Türkiye, güvenli bölgeyi Güney Kürdistan'a da taşımayı amaçlıyor

Türkiye, güvenli bölgeyi Güney Kürdistan'a da taşımayı amaçlıyor

Ankara, Fırat'ın doğusuna girmeyi ve Kürt milis gücü YPG'nin varlığına son vermeyi planlarken, bir anda kendisini ABD ile Urfa'da 'Ortak Harekat Merkezi' oluştururken buldu.

Böylece ABD askeri varlığı, Türkiye sınırına yerleştirilirken ve Kuzey Suriye'de bir nevi Türkiye'nin askeri adımlarının 'gözetmeni' konumuna getirilirken, tüm bu adımların, Suriye'de Ankara eliyle 'güçlendirilmiş bir Kürt bölgesine neden olup olmayacağı tartışılıyor.
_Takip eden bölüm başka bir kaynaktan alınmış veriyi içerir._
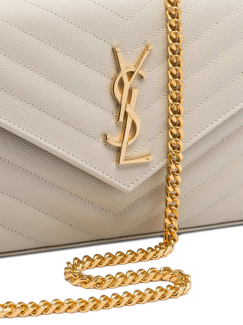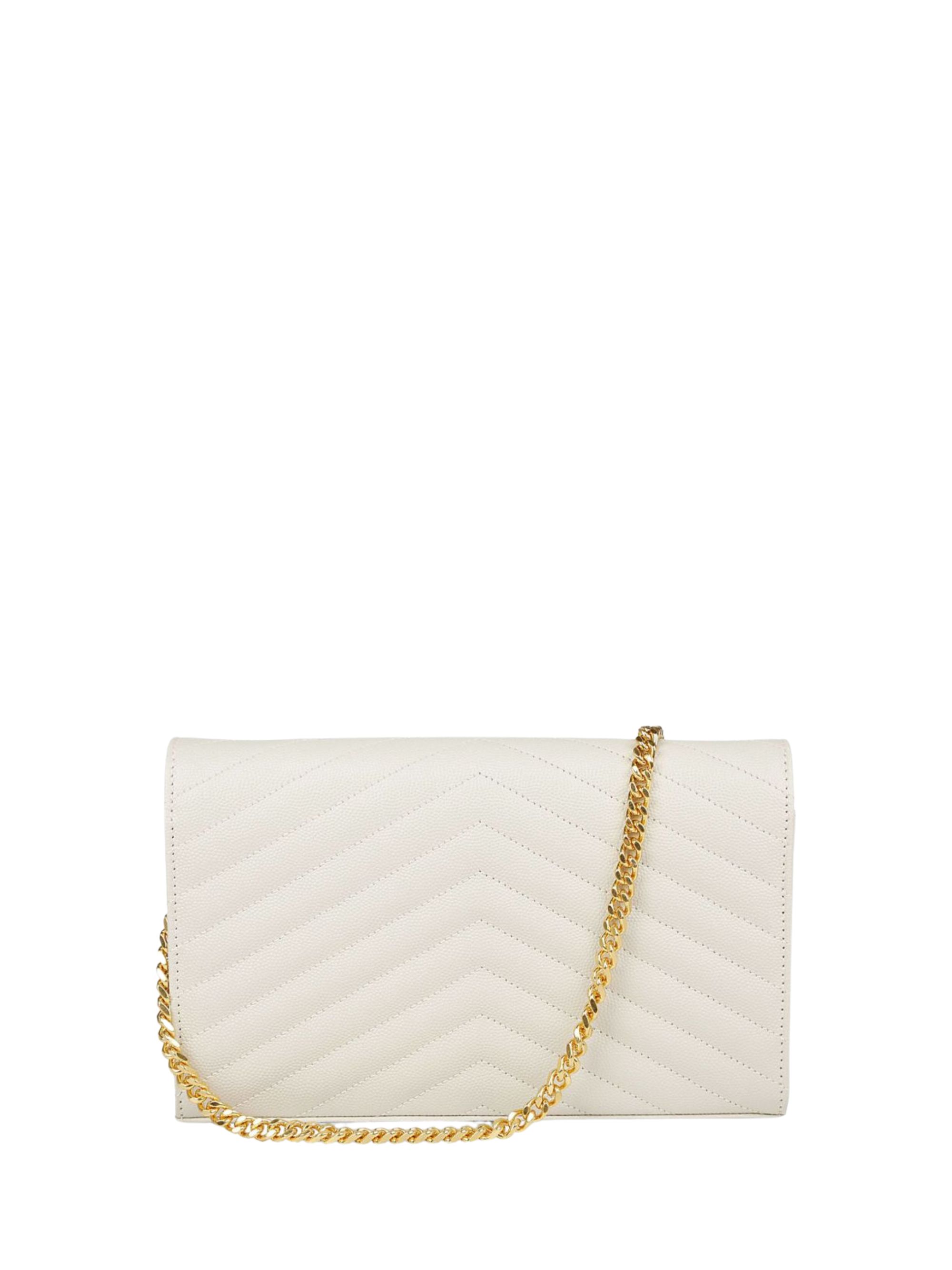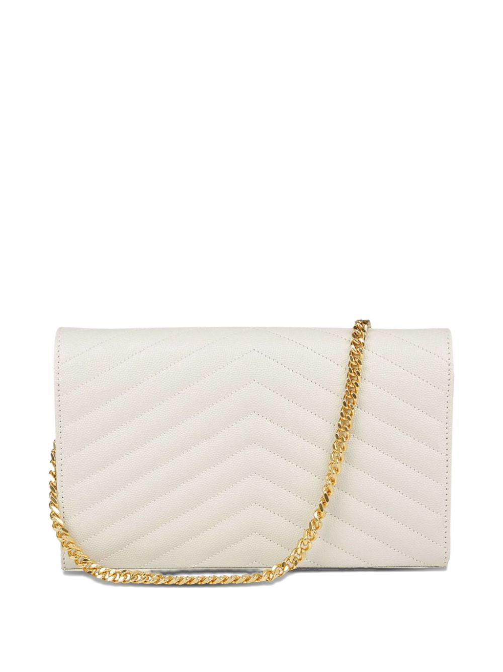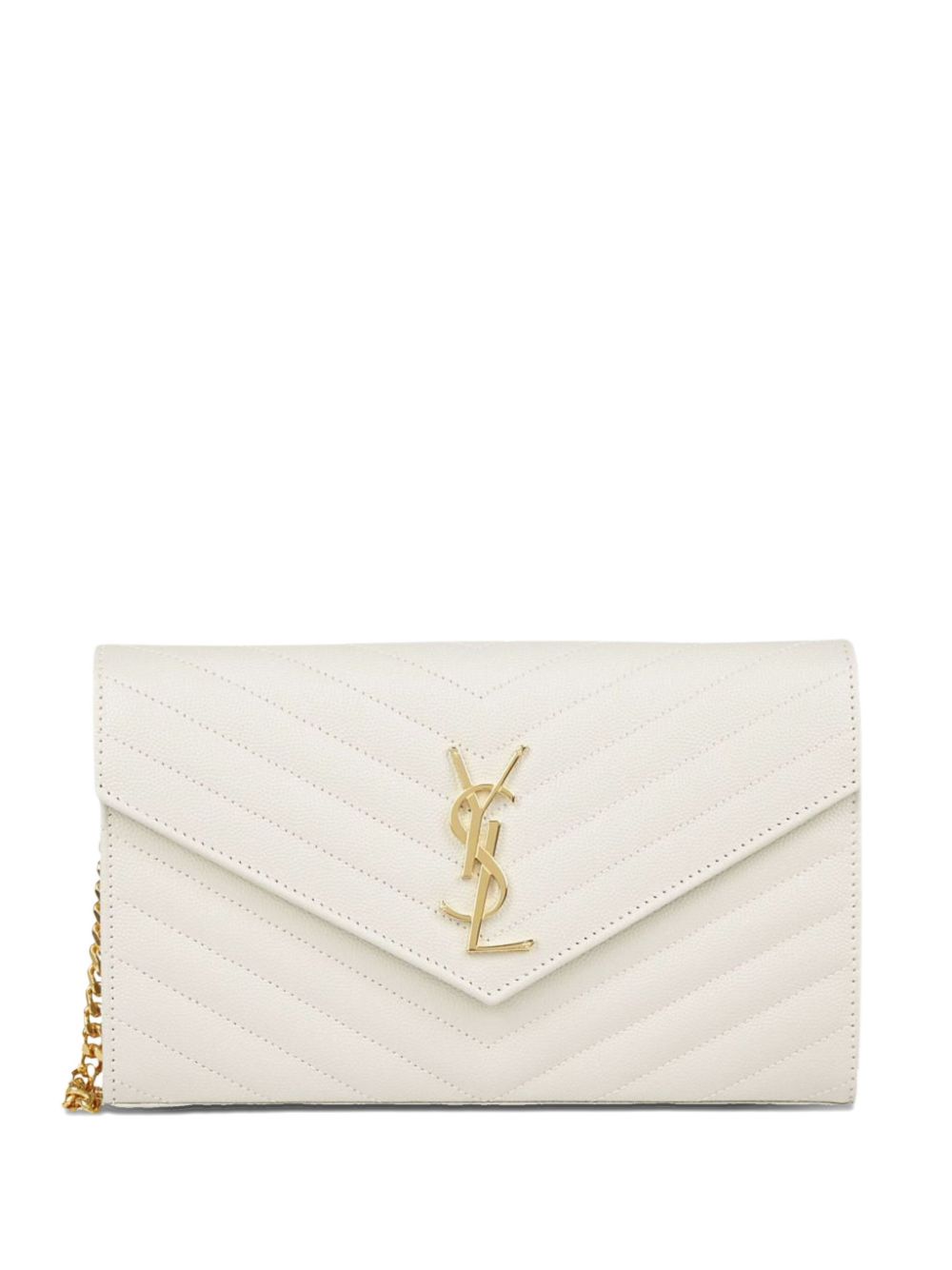 SAINT LAURENT Cassandre chain clutch in white leather, featuring gold-tone hardware, a button closure, ten card slots, a removable chain shoulder strap, a YSL signature, and a zip pocket. Dimensions: 22 x 14 x 4 cm.
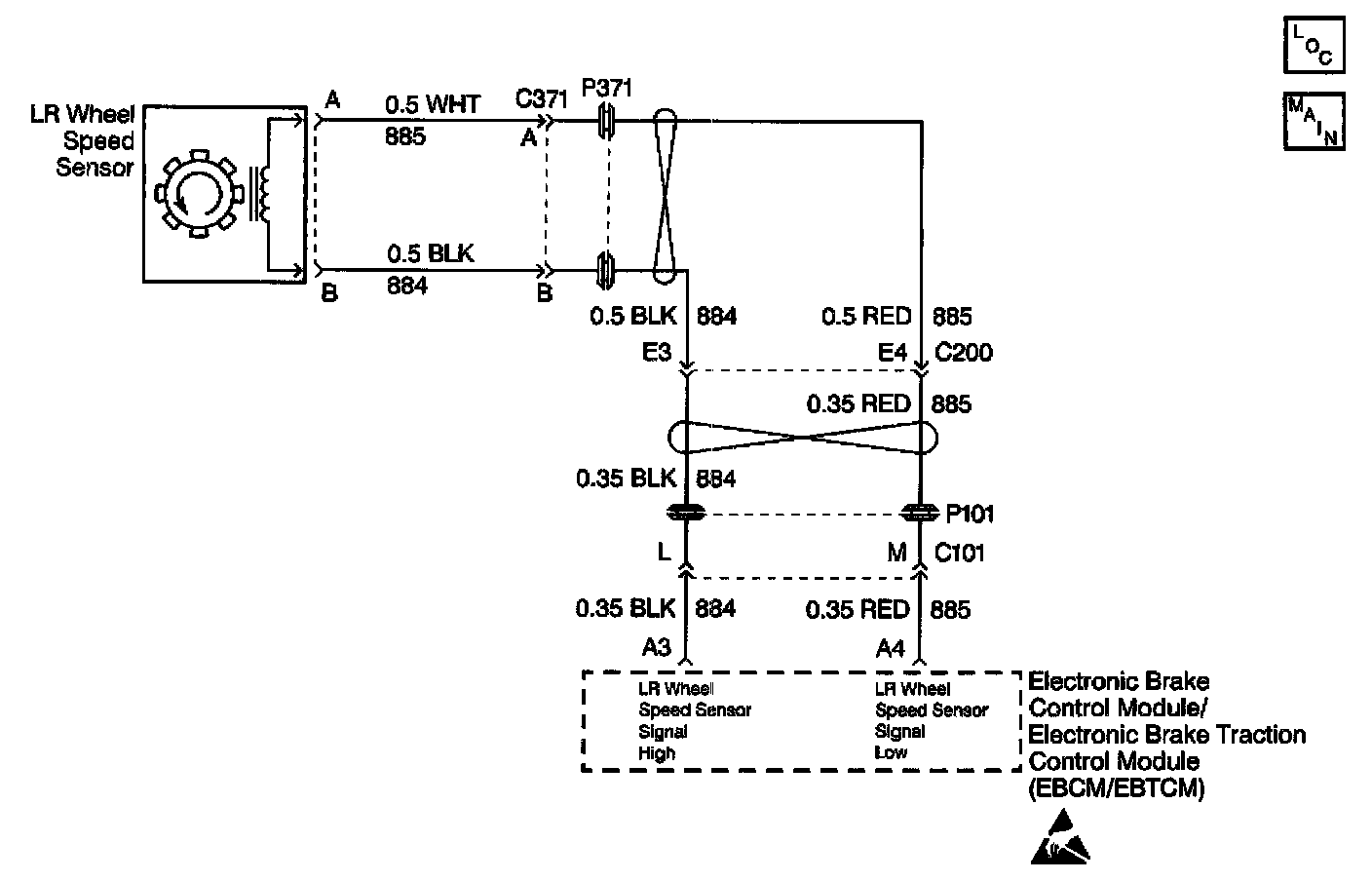 The speed sensor used on this vehicle is a multiple pole magnetic pickup. This sensor produces an AC signal that the EBCM/EBTCM uses the frequency from to calculate the wheel speed.

Sözcü Gazetesi yazarı Zeynep Gürcanlı, ABD-Türkiye arasındaki 'güvenli bölge' anlaşmasına dikkat çektiği yazısında, Ankara'nın Kuzey Suriye'de 30 km derinlikte bir koridor talep ettiğini ancak Amerikalıların koridoru 5 km. kadar planladığını belirtiyor. Ankara'nın benzer bir koridoru Kuzey Irak'ta da kurmak istediğini ifade eden Gürcanlı, bu talebin ardında yatan sebebe de değiniyor.
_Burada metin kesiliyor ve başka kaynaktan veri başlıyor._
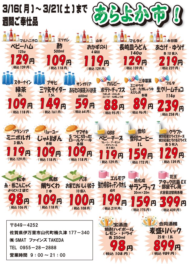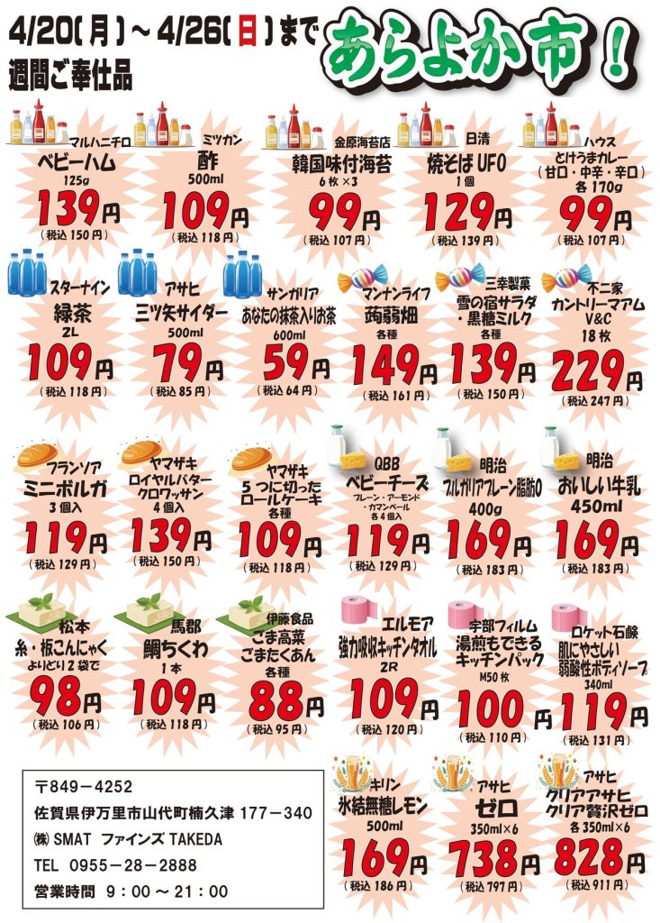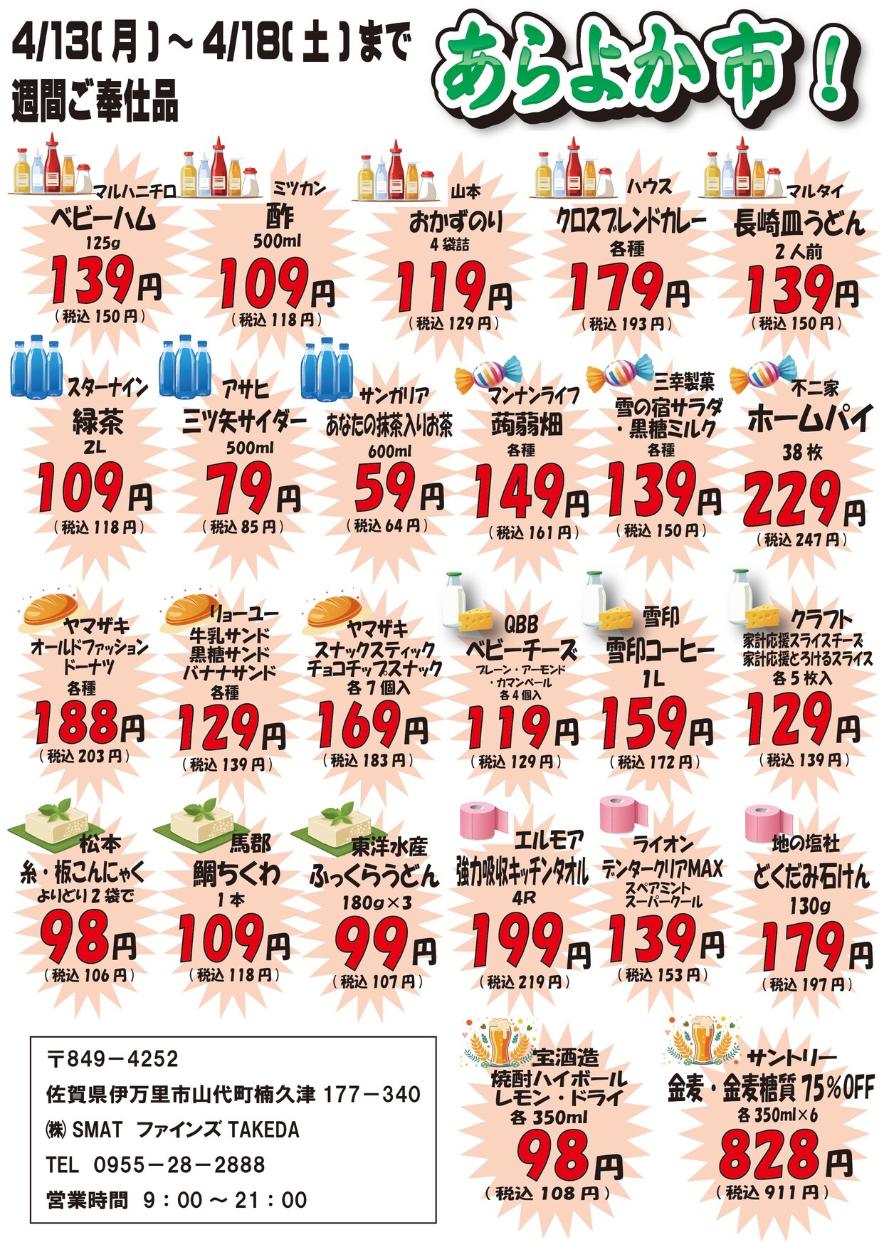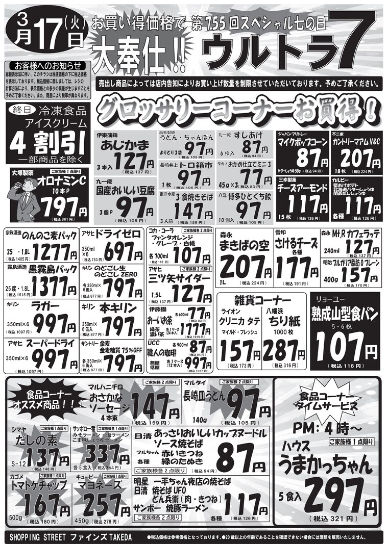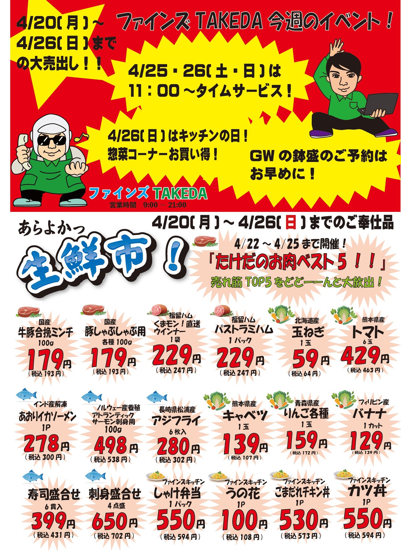 チラシ掲載No. 1サイト『トクバイ』のアプリでファインズたけだのタイムサービス情報をチェックできます!毎日日替わりのお買い得品を掲載!夕方4時からたけだに行ってお買いどくゥ〜♪

YPG'nin elindeki ağır silahların toplanması ihtimaline de dikkat çeken Gürcanlı, ABD'nin Ankara'ya iç politikada 'istediğimi aldım' söylemi hediye etmek istediğine değiniyor. Bunun için de, ABD'nin bölgede nüfusun Arap yoğunluklu olduğu alanlarda Türk askerinin -koridor değil, cepler halinde- 30 km. içeriye kadar girmesine göz yumabileceğini kaydeden Gürcanlı, konuyu Urfa'daki ABD askeri varlığına getiriyor ve ekliyor:

"ABD askerlerinin Müşterek Harekat Merkezi'nde görev yapabilmesi için TBMM'den tezkere gerekiyor. Ancak belli ki AKP hükümeti bu konunun fazlaca tartışılmasını istemiyor. Dolayısıyla Washington yönetimi ile uzlaşma, tezkereye gerek duyulmadan, halihazırda var olan ikili askeri anlaşmaların çerçevesine sokulmuş görünüyor."
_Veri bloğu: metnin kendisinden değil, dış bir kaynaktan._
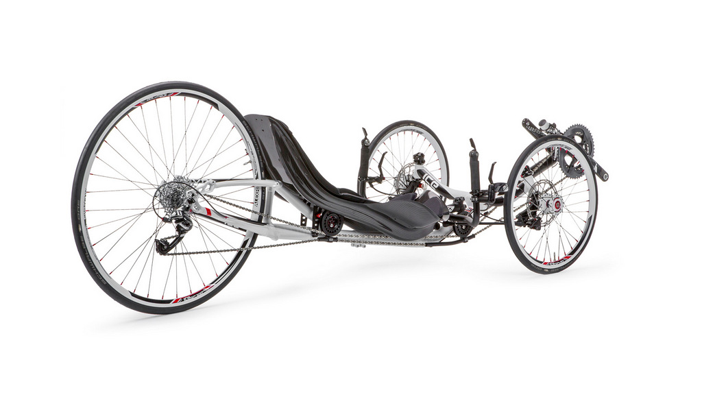 スピードを目的に設計された前輪20インチ(406)、後輪700cのスポーツトライク(三輪車)。
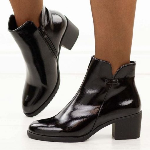 Czarne lakierowane botki damskie na obcasie M.Daszyński Sa128-61
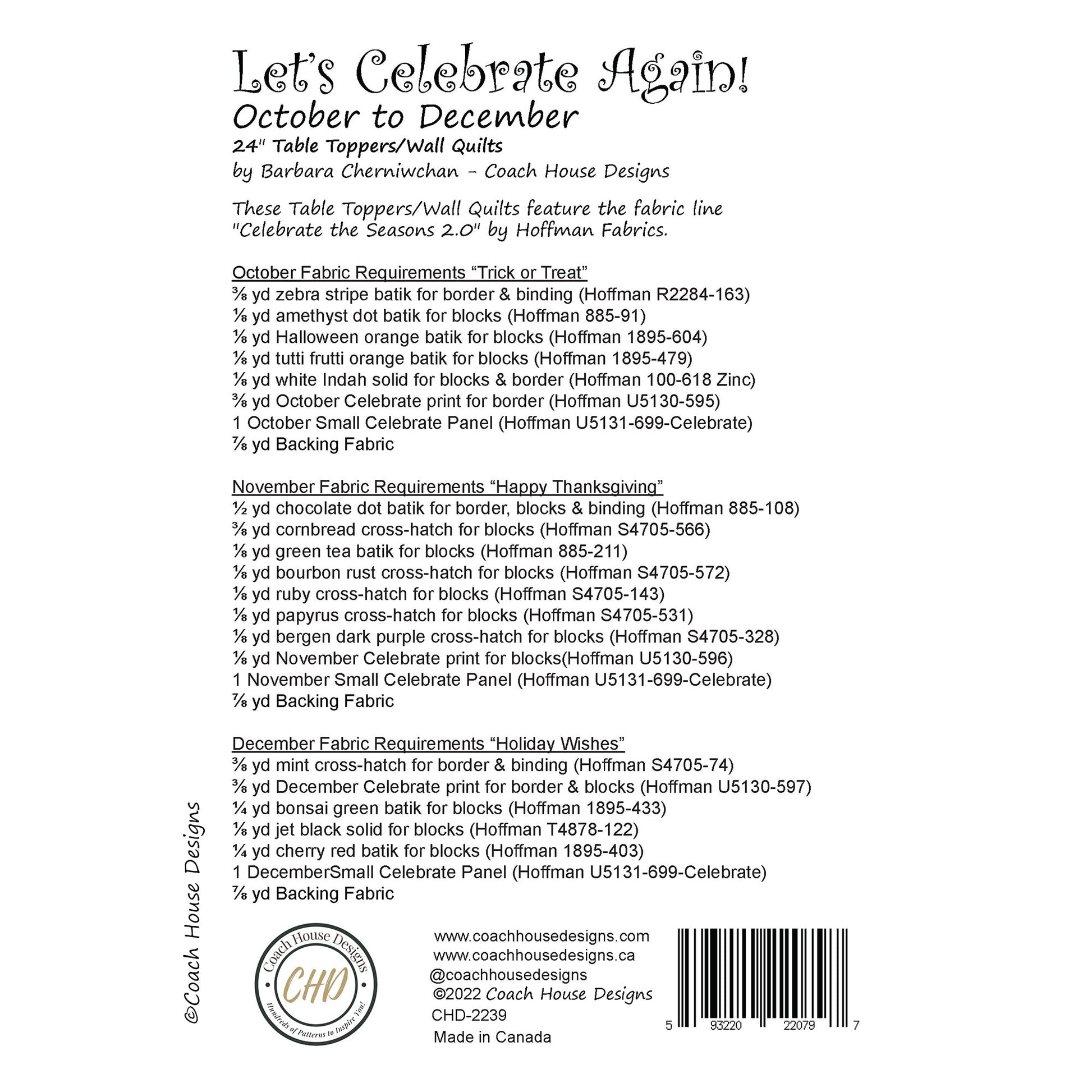 This pattern includes instructions to make 3 - 24" table/wall quilts to celebrate October - Trick or Treat, November - Happy Thanksgiving and December - Holiday Wishes. Fun monthly projects to help celebrate special occasions! Features Celebrate 2.0 by Hoffman Fabrics. Fabric available January 2023, patterns available now.

Koridorun Irak bağlantısıyla ilgili, "AKP hükümetinin geçen hafta attığı bir başka adım, kurulacak “koridoru” Suriye ile sınırlı tutmayıp, Irak'a da genişletmeyi amaçladığını gösteriyor. Dışişleri Bakanı Mevlüt Çavuşoğlu'nun Kuzey Irak'taki Kürdistan Özerk Bölgesi'nin “manevi lideri” Mesut Barzani'ye yazdığı mektubun içeriği Irak basınında yer aldı. Mektupta Çavuşoğlu'nun, Barzani'ye “Peşmerge güçlerini Irak ordusu ile bütünleştirmeyin” çağrısı yaptığı yazıldı. Bunun gerekçesi olarak ise peşmergenin Irak düzenli ordusuna tam olarak bağlanması halinde, Türkiye'nin sınır bölgesinde rahat harekat yapma imkanını yitirmesi gösterildi. Kısacası, ABD ile anlaşma çerçevesinde kurulacak olanın hâlâ bir “koridor mu, cepler mi” olduğu belli değil. Mehmetçiğin Fırat'ın doğusunda devriye gezerken şehir merkezlerine girip girmeyeceği de belirsiz. Kurulacak olan Koridor/cepçiklerle, Suriye'nin kuzeyinde bir “PKK devletçiğine” Ankara'nın kendi eliyle meşruiyet kazandırıp kazandırmadığı da ayrıca tartışma konusu" tespitinde bulunuyor.